Enrique shares a case where his client, a small company with €3 million in revenue, initially sought a sale price of €12 to €15 million. After taking the company to market, they received a €15 million offer from a large strategic buyer. Utilizing the Codify Optimal Outcome process with other bidders, a counteroffer was made, prompting the strategic buyer to offer €20 million. However, instead of accepting an offer that was six and a half times their revenue, the seller's team decided to raise their demand to €25 million or more—largely driven by ego and greed. This demand nearly jeopardized the deal. The buyer, put off by the sudden shift, stated, "You have seven days to accept our offer; otherwise, we will withdraw it." When that timeframe passed, the offer was rescinded. Fortunately, two weeks later, the buyer returned, and the company was sold for €22 million. Although the seller's situation ended well, Enrique cautions that when a buyer says "no," they rarely come back. In this situation, they did, but the process was prolonged due to the seller's ego and greed.
Don’t Dig in Your Heels During Negotiations
Deals can collapse when sellers refuse to be reasonable and compromise. For example, Enrique managed a deal that was two to three weeks from closing. The buyer, a small public company, offered €18 million for Enrique's client company, including €10 million in cash at closing—with the remainder made up of rolled equity and a small earn-out. However, during negotiations, the seller failed to meet their revenue and earnings projections, increasing the buyer's perceived risk. To mitigate some of that risk, the buyer requested a reduction of the cash requirement to €9 million. The total offer remained €18 million; it was merely a decrease of €1 million in cash at closing, offset by €500,000 in additional stock and €500,000 in an earn-out. Despite falling short of revenue targets, the buyer still wanted to acquire the company for its technology and customer base. However, the seller refused to amend the agreement. This obstinacy ultimately killed the deal. The seller remains in business, but the initial offer was double what they could now expect in the market. In this instance, the seller's unwillingness to compromise was a significant mistake. Enrique advises his clients: "Be fair and reasonable. Don’t think it’s my way or the highway."

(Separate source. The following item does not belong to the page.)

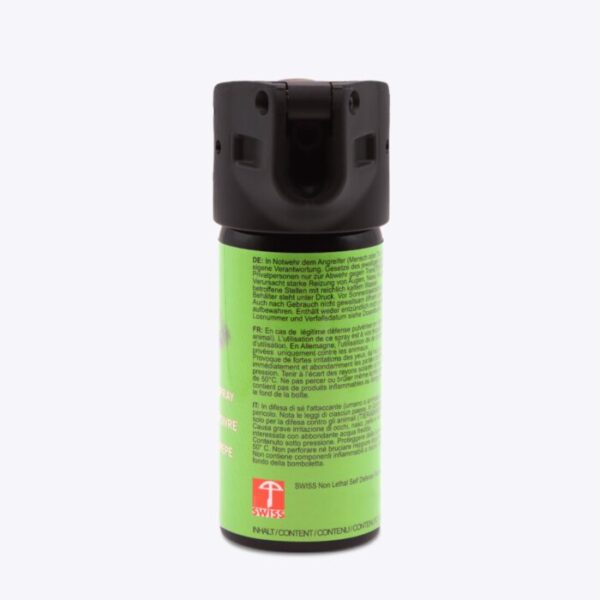 Mit kompakten 33 ml Füllmenge passt der Spray problemlos in Jacken- oder Handtaschen und erweist sich als idealer Begleiter in der Stadt oder beim Wandern. Hergestellt in der Schweiz garantiert dieser Pfefferspray Qualität und Zuverlässigkeit.

Don’t Get Frustrated by the Process
Navigating the M&A process is time-consuming and requires significant effort. Enrique points out that many people are unaware of the work involved in generating enough interest to receive multiple offers, selecting the right offer, entering exclusivity, and engaging in ongoing negotiations. There are also intricacies involved in the purchase agreement and in determining how net working capital is calculated—essentially how the seller manages their finances. This complexity can frustrate sellers, leading them to say things like, "I give up. I'm done. I can't handle this. It’s just too much."
Enrique's advice: "Don’t let your frustration and ego stand in the way of achieving your goals. You need to pause, step back, and refocus on why you began this process, what you're trying to achieve, and your current position. Concentrate on what is necessary to complete the deal, because you initiated this journey with a specific purpose."